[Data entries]
========================

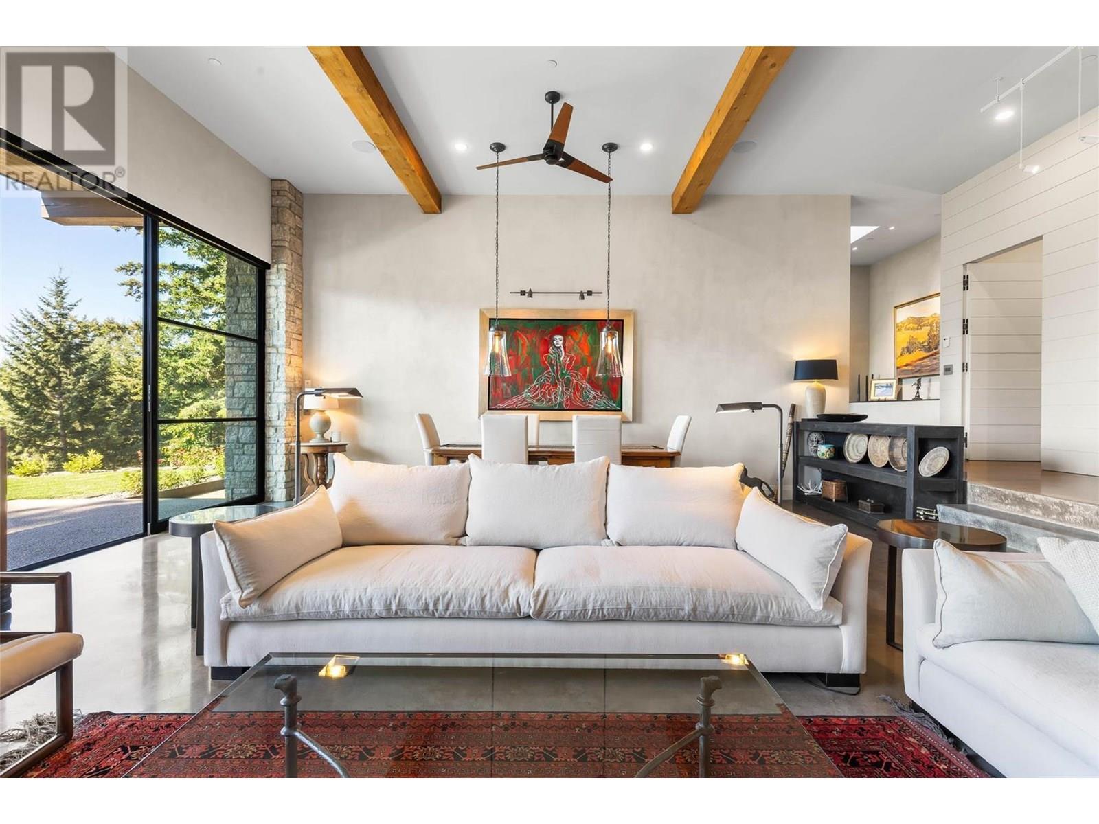 144.92 acre estate in Vernon city limits, with only +/- 9.6 acres within the ALR. 5200 plus square foot modern residence, completed in 2016, with five bedrooms and three bathrooms, a stunning pool, and top-of-the-line cosmetics and mechanical systems. Current AGRL zoning permits 12 hectare (30 acre) lots, creating immediate subdivision potential and long-term development potential. The land has significant pasture/grazing land (+/- 21 acres) which has been used for an organic lamb farm, and cattle. There is a small pond, an aspen grove, and significant cross-fencing (electric). Water is via a four gallon per minute well with a cistern system. The home is accessed via a one kilometer private paved driveway. Finishings include polished heated concrete floors, cedar beams, wood burning fireplace plus stove, and grand windows and sliding doors that access the saltwater pool. Outdoor space also has a firepit and hot tub, looking south towards the expansive lake and valley views that span to see the Bennett Bridge in Kelowna. High-efficiency GARN mechanical uses wood, thermal solar, and an electric heat pump. The property is just a few minutes drive to Predator Ridge Golf, Sparkling Hills, the new O'Rourke Winery, and is close to both Lake Country and Vernon. Outbuildings include a barn, and a 60'x40' workshop, perfect for a potential tack room if a buyer wishes to convert the lands to equestrian use. This shop also has a caretaker's suite. The property is adjacent to Ellison Provincial Park, making for a private location. (id:6770)
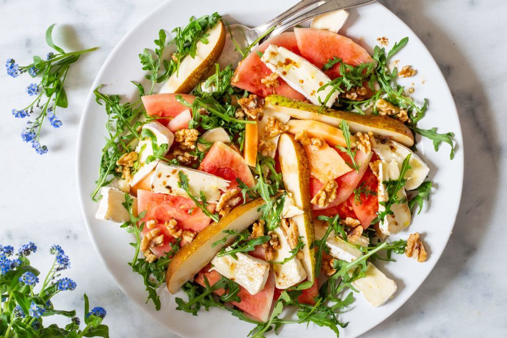 Fräsch och urgod sallad som både kompletterar och mättar. Härlig smakbrytning med päron och valnötter till melon och ost.
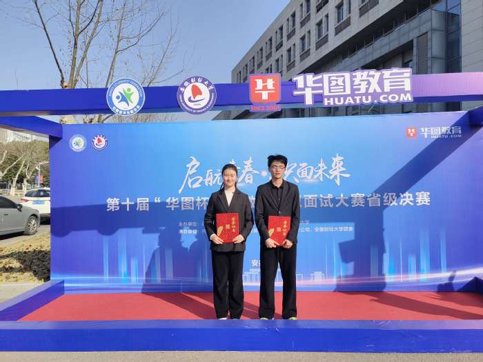 3月20日,“启航青春·职面未来”第十届“华图杯”安徽省模拟面试大赛省级决赛在安徽财经大学落下帷幕,我校张钰颖、陈宇豪同学分别荣获银奖和铜奖。
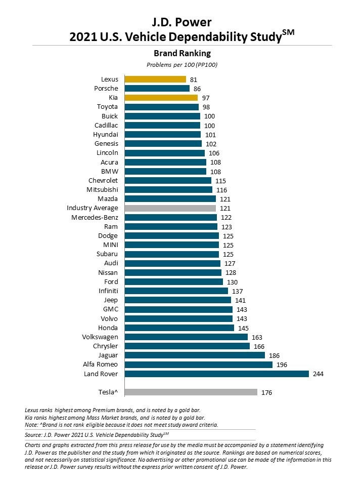 Lexus đứng đầu bảng với số điểm 81 PP100, đây là lần thứ 9 trong 10 năm hãng xe sang trọng Nhật Bản đứng đầu bảng xếp hạng. Porsche đứng ở vị trí thứ hai với 86 PP100, tiếp theo là Kia với 97 PP100, Toyota với 98 PP100 và Buick với 100 PP100. Điểm tin cậy của Kia giảm 35 PP100 so với năm 2020. Các hãng xe khác có độ tin cậy tốt hơn mức trung bình bao gồm Cadillac, Hyundai, Genesis , Lincoln, Acura, BMW, Chevrolet, Mitsubishi và Mazda.
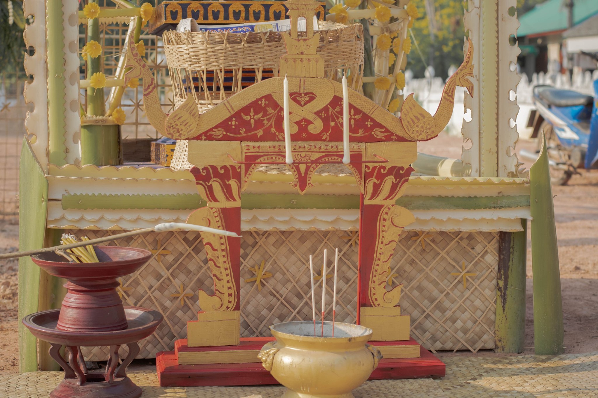 | คำอธิบาย : การจัดธูปเทียนบูชาพระในพิธีวางศิลาฤกษ์ หรือ พิธีวางหลักศิลาเลข (ภาษาพื้นถิ่น) สิมวัดวังไฮ จัดขึ้นเมื่อวันที่ 13 เมษายน 2562 คือพิธีที่ถือเป็นฤกษ์งามยามดีในการเริ่มต้นในการก่อสร้างสิม ซึ่งงานพิธีในครั้งนี้จัดพิธีในรูปแบบพื้นบ้านชาวบ้านวังไฮ อันประกอบไปด้วยการจัดเตรียมเครื่องบวงสรวงสักการะตลอดจนจัดเตรียมสถานที่ ที่สะท้อนถึงภูมิปัญญาในด้านต่างๆ อาทิเช่น ภูมิปัญญาในด้านการทำเครื่องสักการะ ภูมิปัญญาการจักสาน ภูมิปัญญาการถักทอ ภูมิปัญญาในการปั้นปูน ภูมิปัญญาในการทำขนม และการใช้สอยทรัพยากรในท้องถิ่นอื่นๆ อีกมากมาย อันสอดคล้องกับวิถีชีวิตความเป็นอยู่ของผู้คนในชนบทอีสาน |
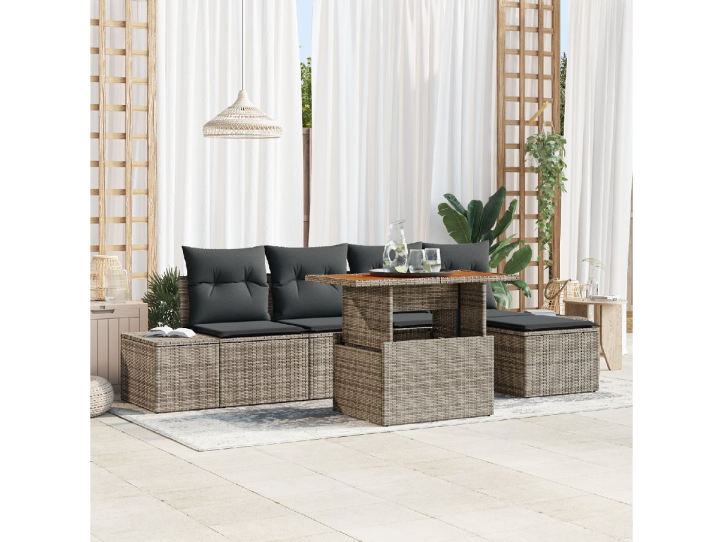 Zahradní jídelní souprava s polštářem 6 pcs Šedá a hnědá
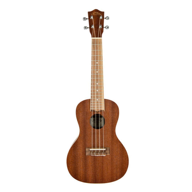 A Lanikai 4-String Mahogany Concert Ukulele provides valuable features such as a wider nut for player comfort, select wood, open back tuners, NuBone XB nut and saddle, D’Addario strings, satin finish, and a padded gig bag.
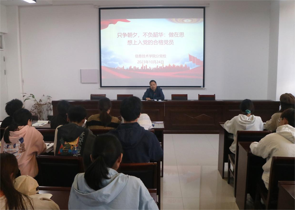 10月24日,BB贝博艾弗森开展了以“只争朝夕,不负韶华: 做在思想上入党的合格党员”为主题的党课培训,本次党课由软件公司党委书记王国华主讲,全体中级班入党积极分子参加。
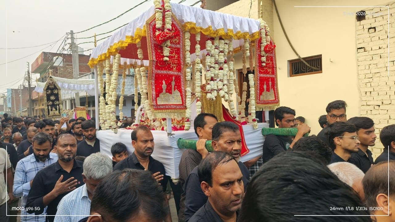 महत्वपूर्ण ख़बर जलालपुर अम्बेडकरनगर इस्लाम धर्म के प्रवर्तक हज़रत मोहम्मद साहब के उत्तराधिकारी व शिया समुदाय के पहले इमाम हज़रत अली अलैहिस्सलाम की शहादत दिवस 21वीं रमजान पर विगत तीन दिनों से जारी शोकाकुल कार्यक्रमों में बीती रात छोटे इमामबाड़ा में अंजुमन जाफरिया के बैनर तले मजलिस के बाद हज़रत अली के ताबूत बरामद किए गए। जहां नौहा ख्वानी व सीनाजनी का दौर जारी रहा। जाफराबाद बड़े इमाम बाड़ा पर देर रात तक जारी मजलिस में मर्सिया ख्वानी के बीच हदीस ख्वान शमीम हैदर ने मौला अली की शहादत को मार्मिक ढंग से प्रस्तुत किया। अंजुमन अब्बासिया की नौहा ख्वानी से माहौल गमगीन हुआ।

========================

Omit the pictures and set down the records exactly.

 144.92 acre estate in Vernon city limits, with only +/- 9.6 acres within the ALR. 5200 plus square foot modern residence, completed in 2016, with five bedrooms and three bathrooms, a stunning pool, and top-of-the-line cosmetics and mechanical systems. Current AGRL zoning permits 12 hectare (30 acre) lots, creating immediate subdivision potential and long-term development potential. The land has significant pasture/grazing land (+/- 21 acres) which has been used for an organic lamb farm, and cattle. There is a small pond, an aspen grove, and significant cross-fencing (electric). Water is via a four gallon per minute well with a cistern system. The home is accessed via a one kilometer private paved driveway. Finishings include polished heated concrete floors, cedar beams, wood burning fireplace plus stove, and grand windows and sliding doors that access the saltwater pool. Outdoor space also has a firepit and hot tub, looking south towards the expansive lake and valley views that span to see the Bennett Bridge in Kelowna. High-efficiency GARN mechanical uses wood, thermal solar, and an electric heat pump. The property is just a few minutes drive to Predator Ridge Golf, Sparkling Hills, the new O'Rourke Winery, and is close to both Lake Country and Vernon. Outbuildings include a barn, and a 60'x40' workshop, perfect for a potential tack room if a buyer wishes to convert the lands to equestrian use. This shop also has a caretaker's suite. The property is adjacent to Ellison Provincial Park, making for a private location. (id:6770)
 Fräsch och urgod sallad som både kompletterar och mättar. Härlig smakbrytning med päron och valnötter till melon och ost.
 3月20日,“启航青春·职面未来”第十届“华图杯”安徽省模拟面试大赛省级决赛在安徽财经大学落下帷幕,我校张钰颖、陈宇豪同学分别荣获银奖和铜奖。
 Lexus đứng đầu bảng với số điểm 81 PP100, đây là lần thứ 9 trong 10 năm hãng xe sang trọng Nhật Bản đứng đầu bảng xếp hạng. Porsche đứng ở vị trí thứ hai với 86 PP100, tiếp theo là Kia với 97 PP100, Toyota với 98 PP100 và Buick với 100 PP100. Điểm tin cậy của Kia giảm 35 PP100 so với năm 2020. Các hãng xe khác có độ tin cậy tốt hơn mức trung bình bao gồm Cadillac, Hyundai, Genesis , Lincoln, Acura, BMW, Chevrolet, Mitsubishi và Mazda.
 | คำอธิบาย : การจัดธูปเทียนบูชาพระในพิธีวางศิลาฤกษ์ หรือ พิธีวางหลักศิลาเลข (ภาษาพื้นถิ่น) สิมวัดวังไฮ จัดขึ้นเมื่อวันที่ 13 เมษายน 2562 คือพิธีที่ถือเป็นฤกษ์งามยามดีในการเริ่มต้นในการก่อสร้างสิม ซึ่งงานพิธีในครั้งนี้จัดพิธีในรูปแบบพื้นบ้านชาวบ้านวังไฮ อันประกอบไปด้วยการจัดเตรียมเครื่องบวงสรวงสักการะตลอดจนจัดเตรียมสถานที่ ที่สะท้อนถึงภูมิปัญญาในด้านต่างๆ อาทิเช่น ภูมิปัญญาในด้านการทำเครื่องสักการะ ภูมิปัญญาการจักสาน ภูมิปัญญาการถักทอ ภูมิปัญญาในการปั้นปูน ภูมิปัญญาในการทำขนม และการใช้สอยทรัพยากรในท้องถิ่นอื่นๆ อีกมากมาย อันสอดคล้องกับวิถีชีวิตความเป็นอยู่ของผู้คนในชนบทอีสาน |
 Zahradní jídelní souprava s polštářem 6 pcs Šedá a hnědá
 A Lanikai 4-String Mahogany Concert Ukulele provides valuable features such as a wider nut for player comfort, select wood, open back tuners, NuBone XB nut and saddle, D’Addario strings, satin finish, and a padded gig bag.
 10月24日,BB贝博艾弗森开展了以“只争朝夕,不负韶华: 做在思想上入党的合格党员”为主题的党课培训,本次党课由软件公司党委书记王国华主讲,全体中级班入党积极分子参加。
 महत्वपूर्ण ख़बर जलालपुर अम्बेडकरनगर इस्लाम धर्म के प्रवर्तक हज़रत मोहम्मद साहब के उत्तराधिकारी व शिया समुदाय के पहले इमाम हज़रत अली अलैहिस्सलाम की शहादत दिवस 21वीं रमजान पर विगत तीन दिनों से जारी शोकाकुल कार्यक्रमों में बीती रात छोटे इमामबाड़ा में अंजुमन जाफरिया के बैनर तले मजलिस के बाद हज़रत अली के ताबूत बरामद किए गए। जहां नौहा ख्वानी व सीनाजनी का दौर जारी रहा। जाफराबाद बड़े इमाम बाड़ा पर देर रात तक जारी मजलिस में मर्सिया ख्वानी के बीच हदीस ख्वान शमीम हैदर ने मौला अली की शहादत को मार्मिक ढंग से प्रस्तुत किया। अंजुमन अब्बासिया की नौहा ख्वानी से माहौल गमगीन हुआ।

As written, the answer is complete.